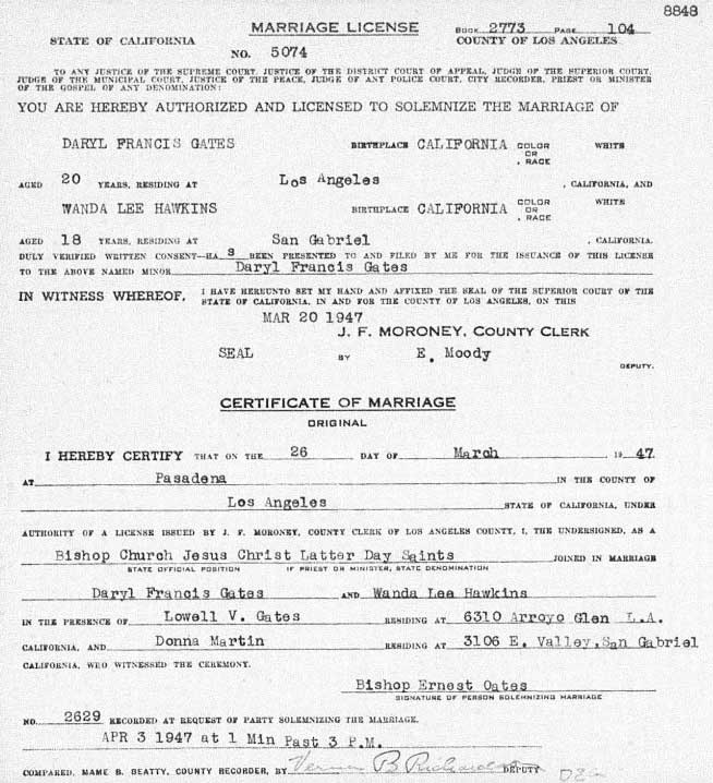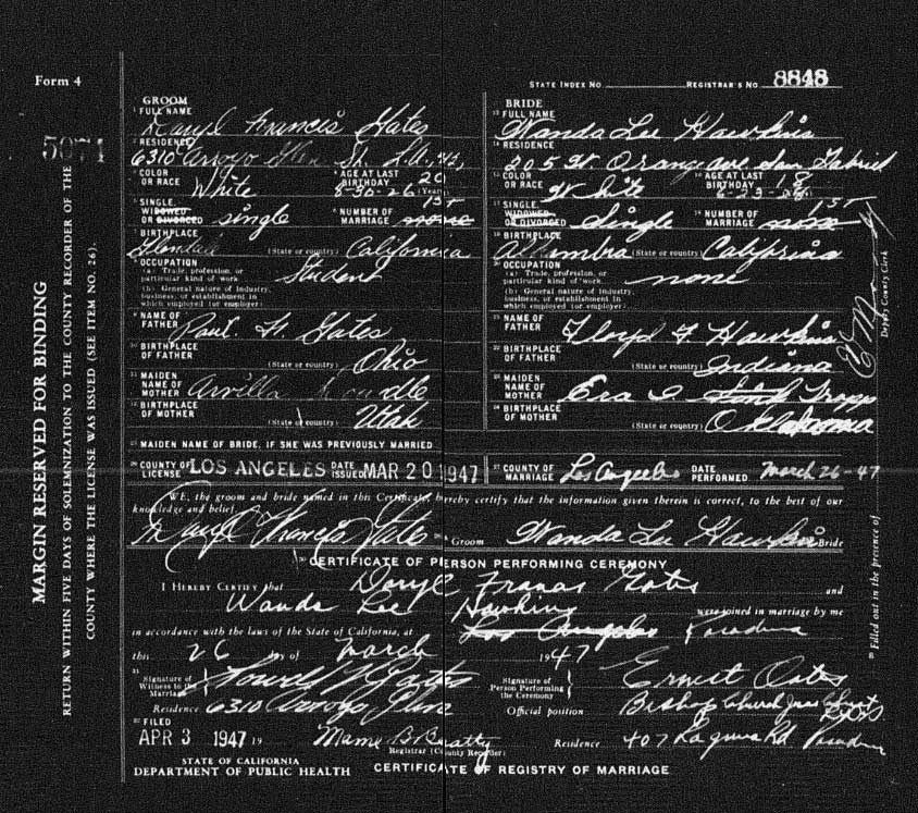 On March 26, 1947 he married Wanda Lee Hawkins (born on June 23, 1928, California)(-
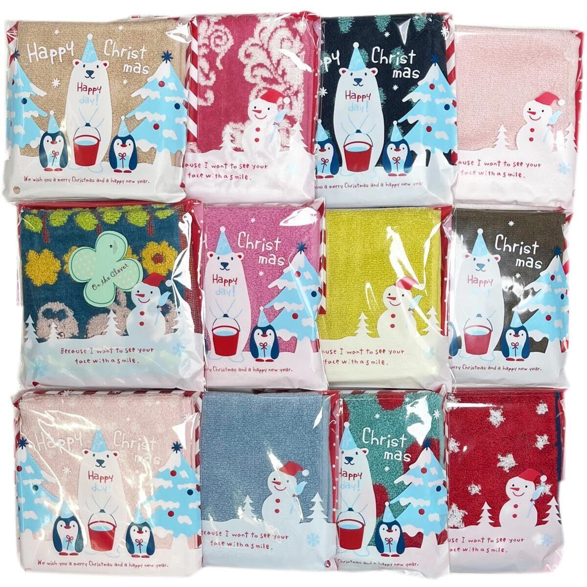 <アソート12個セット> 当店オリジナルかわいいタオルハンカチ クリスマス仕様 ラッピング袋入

::::::::::

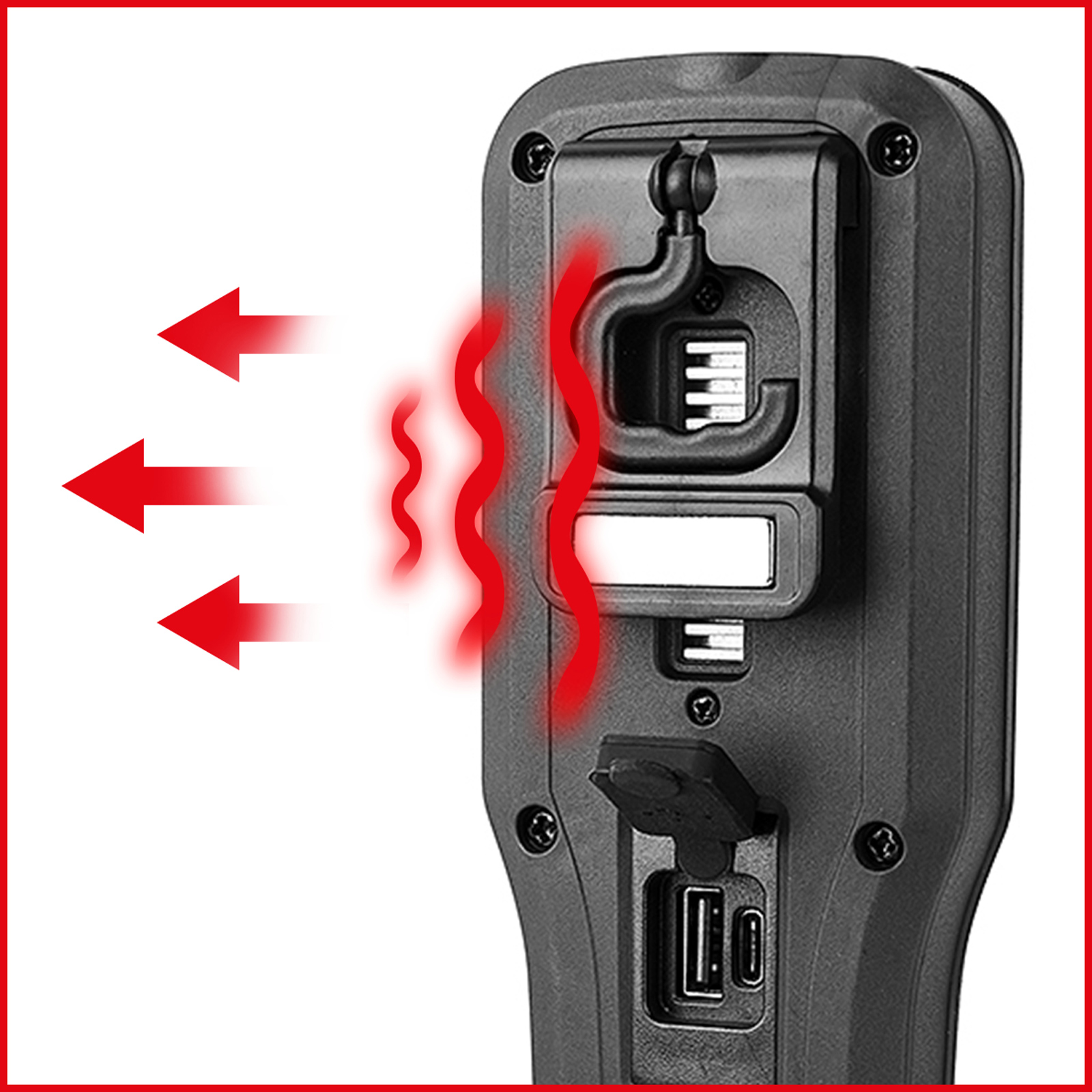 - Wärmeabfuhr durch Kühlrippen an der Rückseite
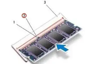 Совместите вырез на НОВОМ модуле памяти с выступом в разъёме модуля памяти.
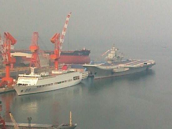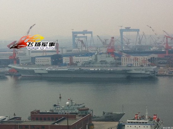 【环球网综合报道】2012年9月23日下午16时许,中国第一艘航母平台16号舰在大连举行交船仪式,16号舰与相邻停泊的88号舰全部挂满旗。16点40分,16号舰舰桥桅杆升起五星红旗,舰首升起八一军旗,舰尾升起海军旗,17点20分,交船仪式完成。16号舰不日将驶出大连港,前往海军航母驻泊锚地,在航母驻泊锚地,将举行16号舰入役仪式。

::::::::::

**Exercise directions:** Retype the lines above exactly as they appear, from the line containing "On March 26, 1947" through the line containing "<アソート12個セット> 当店オリジナルかわいいタオルハンカチ クリスマス仕様", and leave out any pictures.

**Result below:**
 On March 26, 1947 he married Wanda Lee Hawkins (born on June 23, 1928, California)(-
 <アソート12個セット> 当店オリジナルかわいいタオルハンカチ クリスマス仕様 ラッピング袋入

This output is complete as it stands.